Mi rende felice osservare gli alberi che sono mossi dal vento, la pioggia che cade sui campi e che permette la vita, il succedersi delle stagioni: il freddo dell’inverno, il caldo dell’estate, il tepore dell’autunno e della primavera. Saper superare la solitudine, capace di soffrire senza scoraggiarmi, sapendo far tesoro del dolore. Trovare le parole giuste da dire nei momenti più duri, trovare la poesia in un gesto, un’alba, un tramonto, un ricordo, una sensazione.
Mi rende felice saper chiedere scusa e saper dire grazie. Mi rende felice la persona che sa chiedere scusa e che sa dire grazie. Mi rende felice cercare incessantemente la verità e chi la ricerca senza mai stancarsi, senza mai arrendersi, sfidandosi ogni giorno, approfondendo e cercando di capire, piuttosto che giudicare e rimanere a guardare senza agire. Mi rende felice la mia capacità di approfondimento e di studio. Mi rende felice il coraggio che permette di non arrendersi ad una realtà che non piace, che si vede come iniqua e ingiusta. Mi rende felice il coraggio degli altri, che mi dà la forza di non arrendermi agli eventi infausti della vita.
Mi rende felice sognare ad occhi aperti, progettare un futuro migliore agendo nel presente, considerando tutti.
Mi rende felice sbagliare per poi riprovare a fare bene, senza la paura di essere giudicato.

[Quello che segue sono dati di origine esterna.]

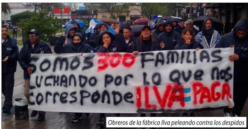
Obreros de la fábrica Ilva peleando contra los despidos

Su burocracia sindical aplica la liquidación de la garantía horaria aceptando despidos y suspensiones en masa, y negociaciones salariales miserables por fábrica como en las automotrices y siderúrgicas, e inclusive sección por sección vía pequeños premios, etc., a cambio de entregar la polifuncionalidad en las tareas.

Mi rendono felici i bambini, capaci di provare gioia per il solo fatto di essere vivi.
Mi rende felice baciare la persona che amo anche se lei non è consapevole di quanto è grande quel bacio e cosa cambierà nell’universo.
Mi rende felice dare e ricevere senza pretendere nulla in cambio.
Mi rende felice chi è altruista, chi sa dare un contributo positivo e propositivo, perché sa di essere parte della vita nella sua complessità e immensità.
Mi rende felice tutto ciò che ha valore e che produce valore, che incorpora in sé il senso del bello, del buono, del giusto.
Qualcuno potrebbe pensare che siano esperienze soggettive, ma non è così. Ognuno ha la capacità, attraverso i propri sensi così come sono, attraverso le proprie esperienze, attraverso la propria mente e il proprio cuore, di vedere dove è il giusto, dove è la gioia, dove è la verità, nella comprensione profonda che tutto è interrelato.
Tutto questo l’ho imparato e continuo ad impararlo istante dopo istante recitando Nam Myoho Renge Kyo di fronte al Gohonzon, la legge mistica tramandata nei secoli che racchiude in sé tutto ciò che è esistito, che esiste e che esisterà nell’universo.
Sembra arrogante pensare che delle parole, una pergamena di fronte a cui pregare, siano di per sé sufficienti a capire la realtà, a discernere l’illusione dalla realtà.
Ma se posso lasciare qualcosa di vero alle generazioni future, è tutto racchiuso nell’insegnamento buddista di Nichiren Daishonin giunto a me grazie alla Soka Gakkai, che tramanda oggi il corretto insegnamento buddista per raggiungere rapidamente la vera felicità, la vera gioia di vivere. Il futuro è tutto da scrivere e ognuno di noi è ne è il protagonista, l’attore principale.
Ognuno cambia il futuro grazie all’assunzione della propria responsabilità di esistere, impegnandosi a migliorare ogni giorno.

È importante saper apprezzare la solitudine, significa accettarsi così come si è, significa imparare ad amarsi.
Ma, poiché siamo compresenti insieme in questo dato momento, l’imparare ad amarci l’un l’altro è un’inesauribile fonte di crescita, un avvicinamento concreto alla realtà della vita così come è in tutta la sua grandezza, la direzione migliore verso l’armonia e la pace per il genere umano.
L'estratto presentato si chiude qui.